Студенты
Шрифт:
– Я говорю то, что я и сделаю... А Васька никогда ничего не сделает, потому что в нем не один, а два и даже три человека сидят: один - зависимый от всего остального общества, другой - зависимый от кружка, а третий - он сам, раздвоенный, расстроенный... черт знает что...
Шацкий сморщился от боли и замолчал.
Карташев тоже молчал и вдумывался в слова Шацкого.
– Это ничему не мешает, - отвечал Шацкий. - Есть на свете, конечно, "священный огонь"... У кого он есть, так и есть, - деньги не только ему не помешают, а помогут...
– Да, но если я за деньгами погонюсь,
– Значит, не священный огонь!.. В Америке для юноши идеалом ставится богатство, и это не мешает быть у них Брет-Гартам... И всей Америке не мешает шагать черт знает как вперед, потому что, само собой, там каждый, делая свое дело, делает этим самым и общее громадное дело... потому что жизнь не богадельня, а мастерская... А что из этой мастерской выходит, об этом и говорит нам Корнев... и это, конечно, поймет такой же новый Корнев следующего поколения с своего маяка, но жизнь и от него уйдет... Для науки это нужно и для прогресса тоже, но для несущейся мимо жизни c'est bete comme tout...* и жизнь идет, как идет, и вперед ее не забежишь, потому что там впереди еще нет никакой жизни... И вот этот, вот, что развалился в военной форме в своей коляске, он лучше подходит к требованию этой жизни, потому что его прет, и он прет без рассуждения...
______________
* это глупо, как всё... (франц.)
– И ты его больше уважаешь?
– Я презираю его столько же, сколько и бессильный протест, но я хочу иметь право презирать... хочу иметь свое войско... деньги... и это американец понимает.

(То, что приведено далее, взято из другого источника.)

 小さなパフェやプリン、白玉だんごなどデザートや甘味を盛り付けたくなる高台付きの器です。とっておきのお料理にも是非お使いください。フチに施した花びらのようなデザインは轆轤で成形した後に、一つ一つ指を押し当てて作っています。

– Что ж американцы? их жизнь вовсе уж не такая симпатичная.
– Да?
– А конечно... эксплуатация самая дьявольская.
– Да, да... у нас ее нет... Вот это и есть гнусный сентиментализм и фарисейство: сами гнием на соломе, соломой питаемся, кулачество, с каким не сравнится никакая Америка!.. сами нищи духом, волей, знанием даже нашей действительной жизни... и ни к черту не годимся, а Америка - дрянь... не симпатичны... Факир индийский - недосягаемый идеал для нас: у того хоть мужество есть - прямо лечь и лежать, отказаться от всего. Глупо, глупо все это... Презрение к подлецам вообще, а в частности у такого же подлеца в услужении?.. нет, мой друг, слуга покорный... Приходи, когда у меня будет несколько миллионов, я тебе с удовольствием один дам на газету, а вы, как тараканы на морозе, полопаетесь... но жалкой, зависимой роли я не желаю играть... Не желаю!! Не желаю!!

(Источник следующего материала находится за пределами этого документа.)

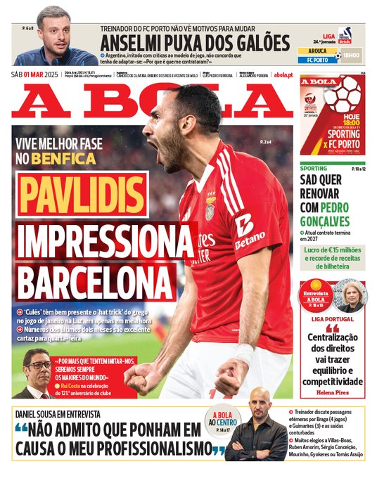 Με πρωτοσέλιδο της “A Bola”, οι Πορτογάλοι αποθεώνουν τον Παυλίδη για τις πρόσφατες εμφανίσεις του.:

Шацкий так закричал, что, если бы не грохот мостовой, на него бы все оглянулись. Но мостовая грохотала, ехали экипажи, телеги, звонили конки, шли прохожие, и приятели продолжали изливать друг другу свои мысли.
– Но каким же путем ты хочешь нажить миллионы?
– Ну, подрядчиком сделаюсь, когда кончу курс.
– Надо знать же это.
– Узнаю... Надену смазные сапоги, поступлю в десятники.
– Ты? - граф, лорд?
– Буду и графом и лордом - чем захочу... и ты будешь считать за честь сидеть у меня в кабинете.
– И будешь мошенничать на подрядах, подкупать, раздавать взятки?
– Постой... Виктор Гюго нажил миллион своим писанием?
– Ну?
– И не он один. Граф Толстой сотни тысяч нажил... Это уж самый идеальный
– Именно за то, что он гений.
– Ого! Почище гению, Пушкину, за это самое всадили пулю, за то только, что авторитет своего гения не мог поддержать презренным металлом. Не хватало средств, а жена, жизнь, вся обстановка тянет. Первый предлог, и готово... нет, mon cher, все это глупо... Представь себе, что все - Корневы: мы бы все и сдохли бы с голоду, замерзли бы на улицах. А вот надо нам всем деньги - и кипит дело: и едим, и освещение, и дома, и театр, и коляски: только приготовляй побольше... и мне скажут спасибо. Памятник поставит потомство... да, да... Черт знает как далеко ты живешь... у этой дуры салоп подбит не ватой, а воздухом.
– Теперь уж недалеко.
Когда подъехали к квартире Карташева, Шацкий, не слезая с извозчика, проговорил:
– Ну, выноси скорее.
– Зайди.
– Ты вежлив, но... можно мечтать, сидя в салопе своей горничной, о миллионах, но смущать этим салопом мирных обитателей... мой друг, у меня еще будет время смутить их. Да и ты сам, как ни вежлив, но затрудняешься в настоящий момент, как быть тебе с своей горничной при моем появлении в этом виде.
– Я? вовсе нет...
– Тёма, Тёма, как ты прозрачен... Но утешься: Корнев еще больше твоего смутился бы.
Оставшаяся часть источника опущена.